Input for this task —

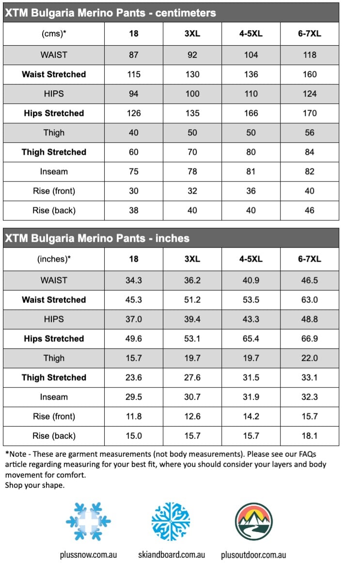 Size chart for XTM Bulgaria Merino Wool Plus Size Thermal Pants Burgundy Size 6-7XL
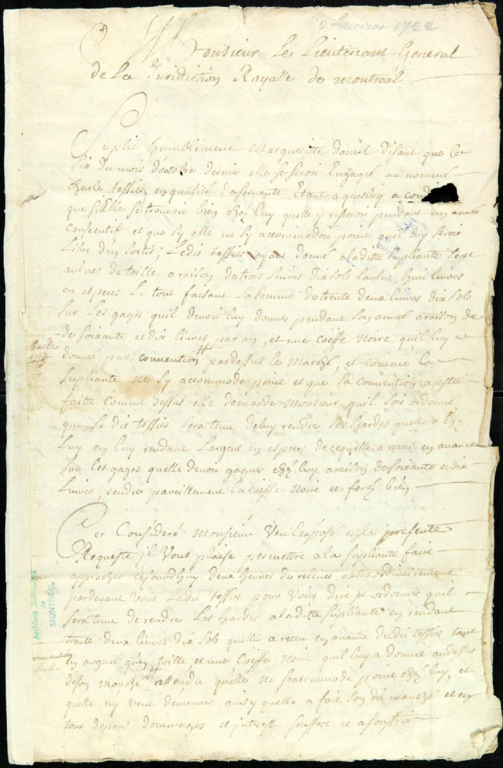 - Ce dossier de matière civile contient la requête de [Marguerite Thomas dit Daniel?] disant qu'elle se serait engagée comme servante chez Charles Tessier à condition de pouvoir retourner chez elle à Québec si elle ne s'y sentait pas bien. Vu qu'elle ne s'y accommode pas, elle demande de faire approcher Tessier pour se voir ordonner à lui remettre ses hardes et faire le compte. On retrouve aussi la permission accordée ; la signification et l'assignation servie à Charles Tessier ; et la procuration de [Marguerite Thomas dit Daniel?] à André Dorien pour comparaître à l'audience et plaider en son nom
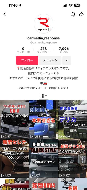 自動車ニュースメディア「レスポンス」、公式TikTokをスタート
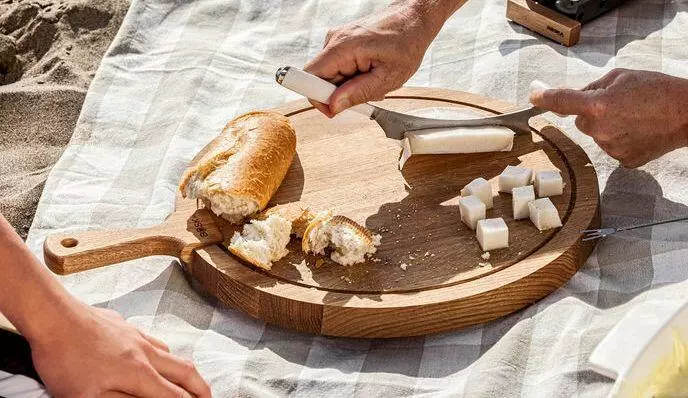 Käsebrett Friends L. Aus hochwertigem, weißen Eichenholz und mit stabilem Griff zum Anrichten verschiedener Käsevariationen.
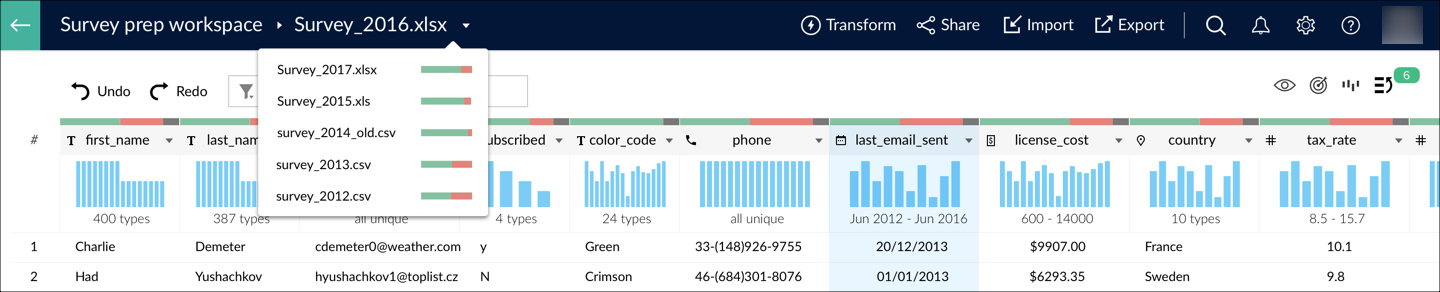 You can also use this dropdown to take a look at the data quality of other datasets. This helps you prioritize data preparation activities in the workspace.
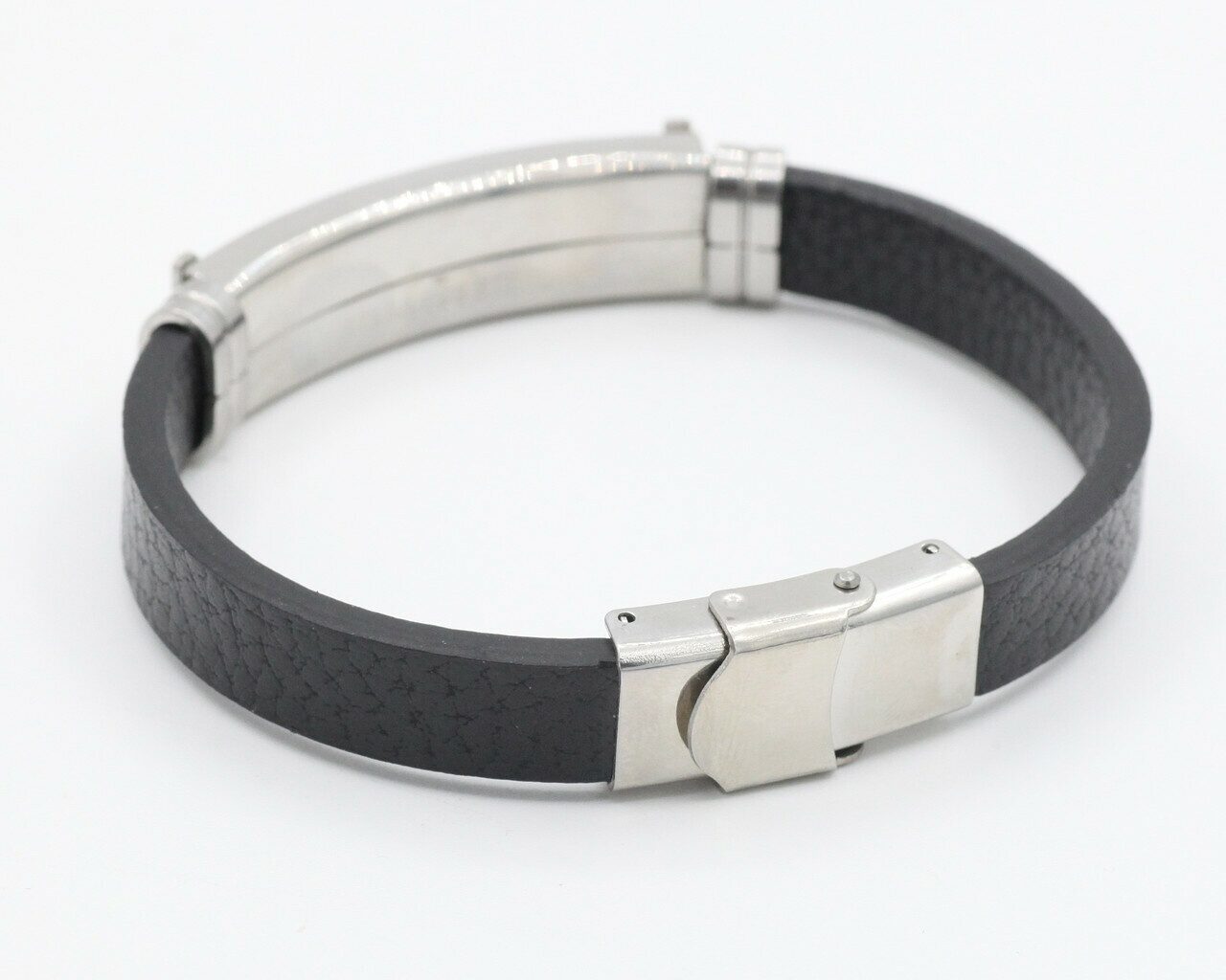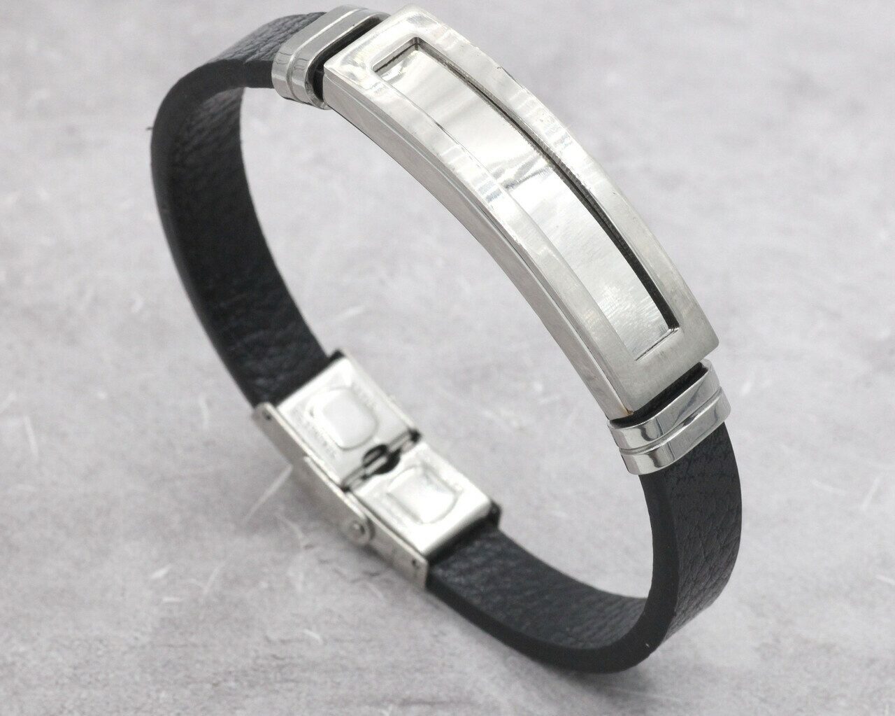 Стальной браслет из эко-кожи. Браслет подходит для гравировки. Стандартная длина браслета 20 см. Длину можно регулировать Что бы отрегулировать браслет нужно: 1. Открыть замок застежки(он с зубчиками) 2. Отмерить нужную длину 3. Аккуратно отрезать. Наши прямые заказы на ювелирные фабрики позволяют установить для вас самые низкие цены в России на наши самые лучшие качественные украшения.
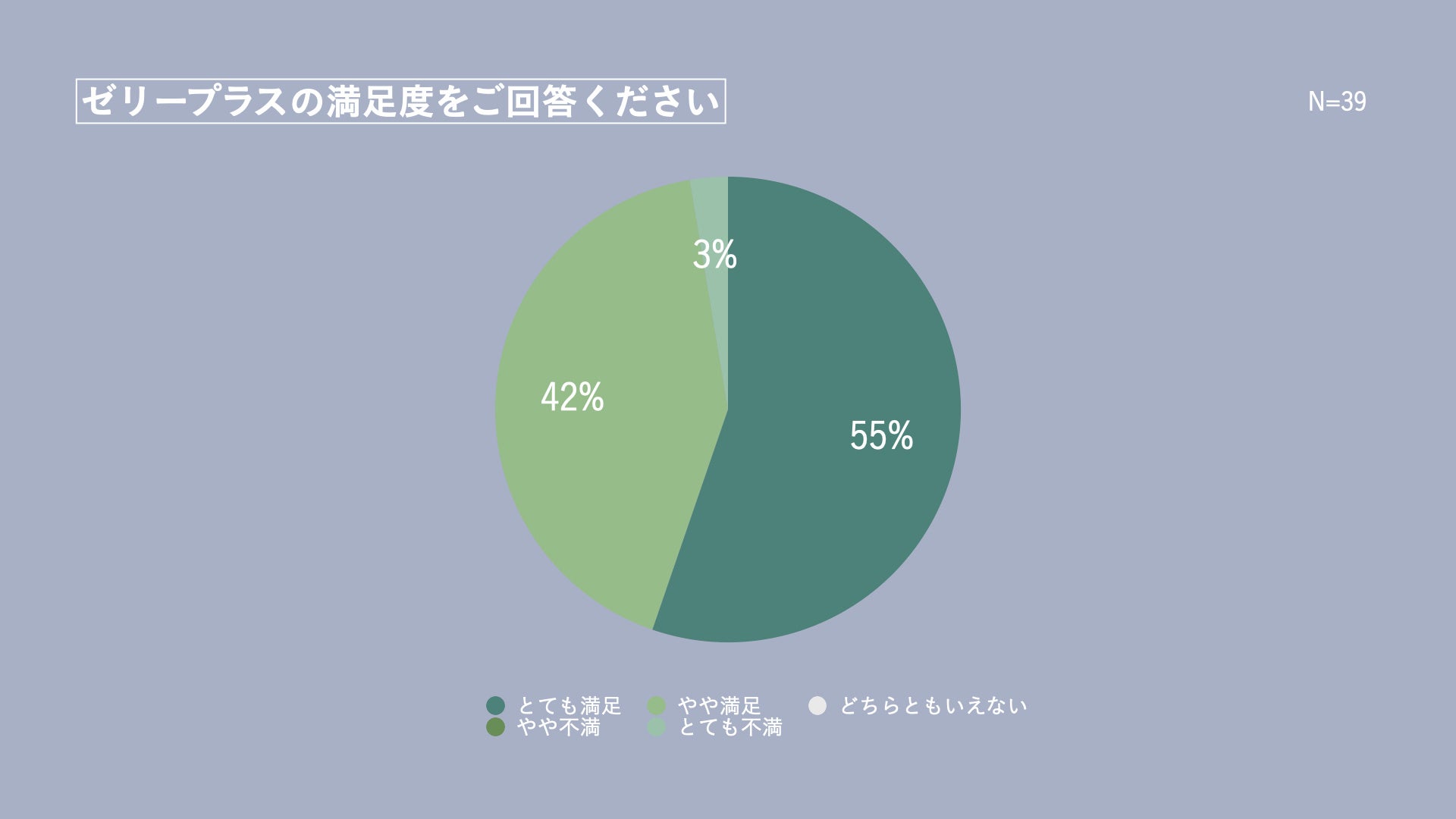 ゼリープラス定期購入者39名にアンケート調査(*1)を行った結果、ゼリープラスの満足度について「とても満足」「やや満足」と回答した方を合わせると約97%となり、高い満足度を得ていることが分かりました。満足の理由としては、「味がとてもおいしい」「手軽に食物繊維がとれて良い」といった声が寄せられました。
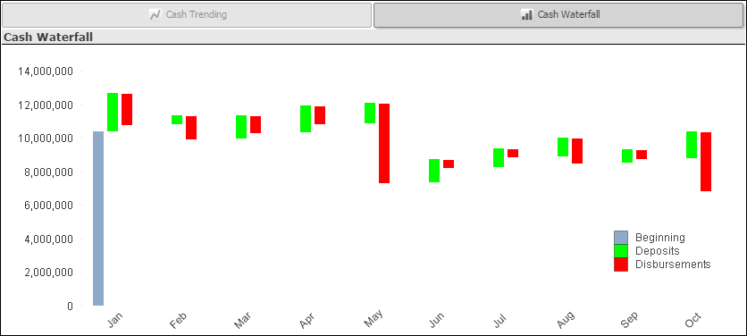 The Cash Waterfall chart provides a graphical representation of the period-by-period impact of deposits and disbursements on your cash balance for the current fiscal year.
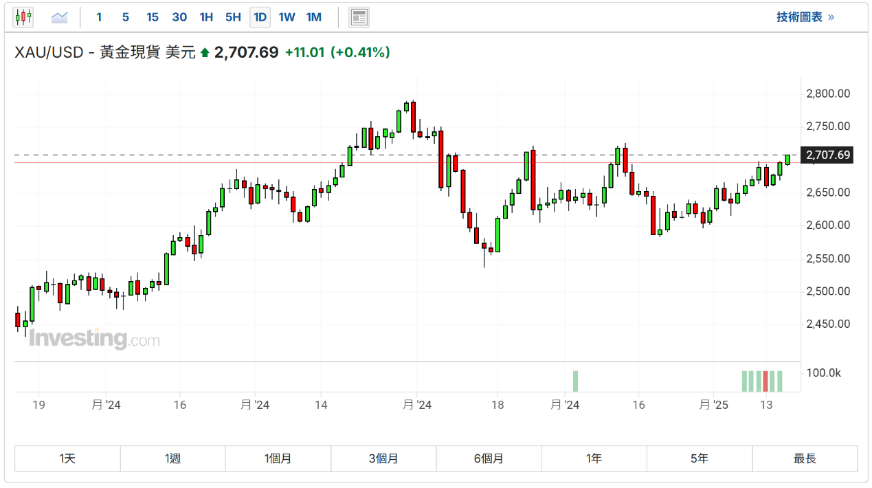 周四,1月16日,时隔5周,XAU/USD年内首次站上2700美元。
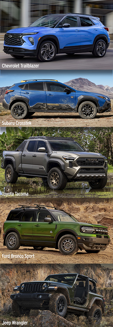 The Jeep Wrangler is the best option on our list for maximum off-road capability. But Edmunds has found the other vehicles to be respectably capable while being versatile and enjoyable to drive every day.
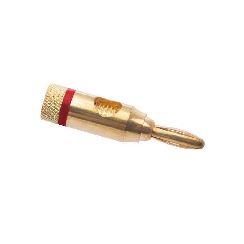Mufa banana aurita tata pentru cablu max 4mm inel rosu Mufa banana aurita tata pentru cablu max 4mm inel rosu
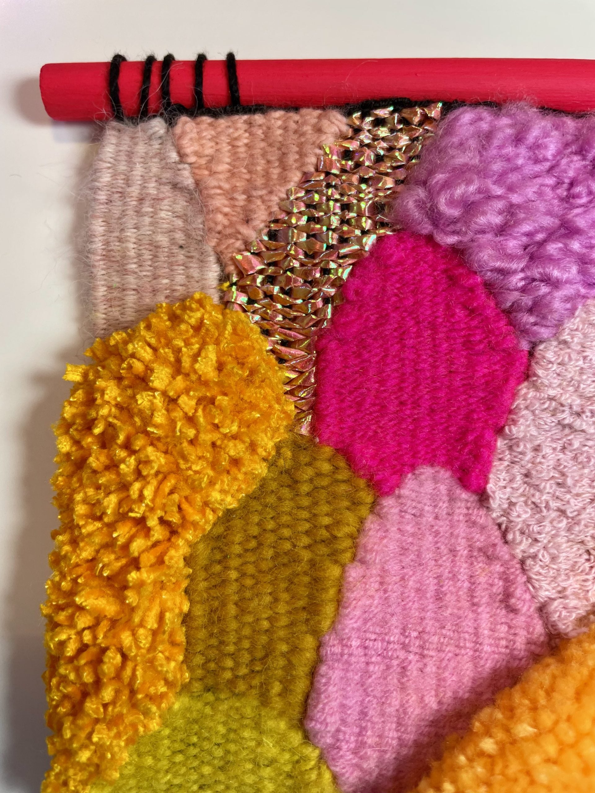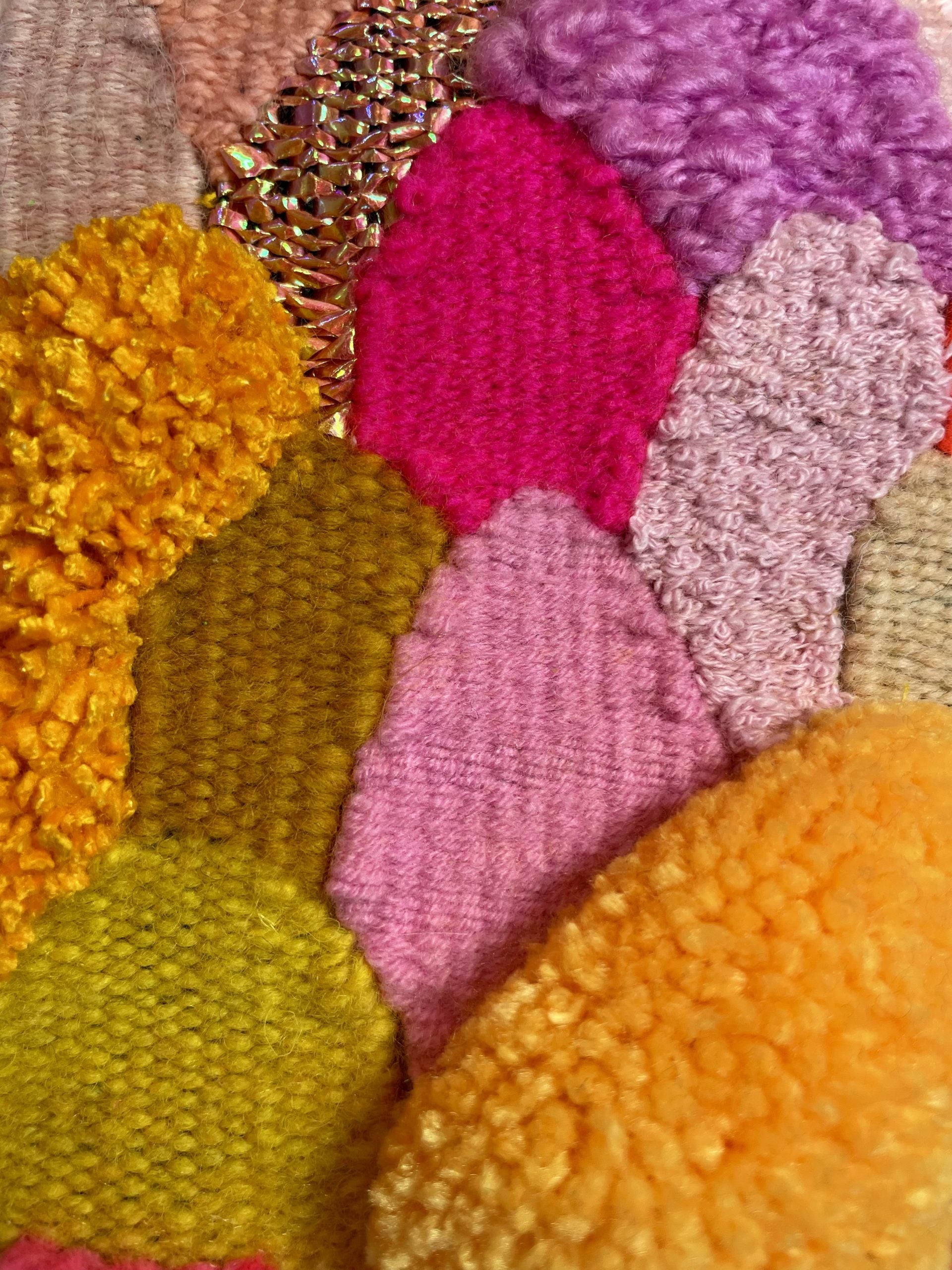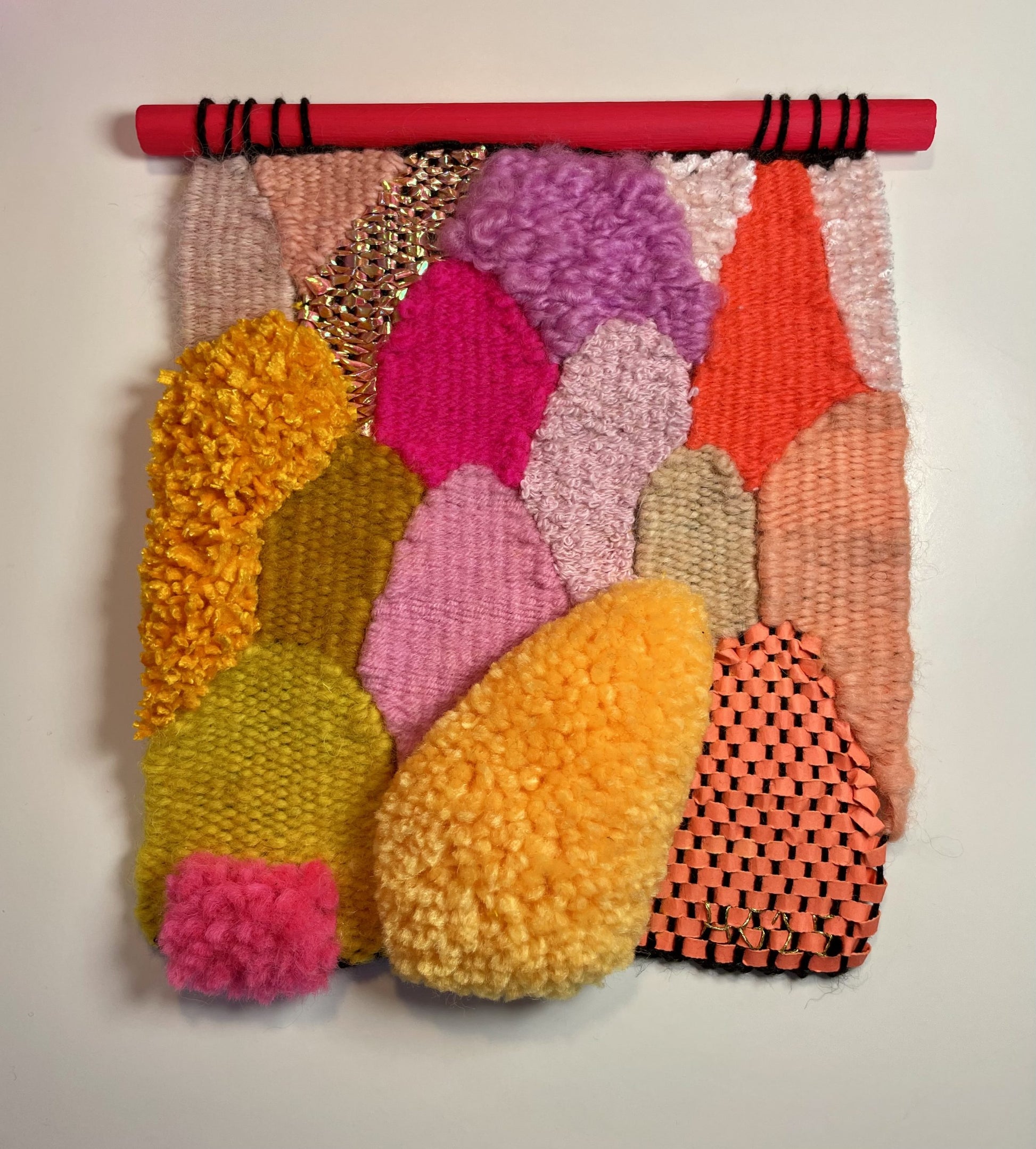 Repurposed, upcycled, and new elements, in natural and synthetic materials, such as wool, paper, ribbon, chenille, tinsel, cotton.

What the task requires —
Going by the data above, give back only the lines from the one containing "The Cash Waterfall" through the one containing "The Jeep Wrangler", exactly as they stand, both ends included and no images.

Answer below —
 The Cash Waterfall chart provides a graphical representation of the period-by-period impact of deposits and disbursements on your cash balance for the current fiscal year.
 周四,1月16日,时隔5周,XAU/USD年内首次站上2700美元。
 The Jeep Wrangler is the best option on our list for maximum off-road capability. But Edmunds has found the other vehicles to be respectably capable while being versatile and enjoyable to drive every day.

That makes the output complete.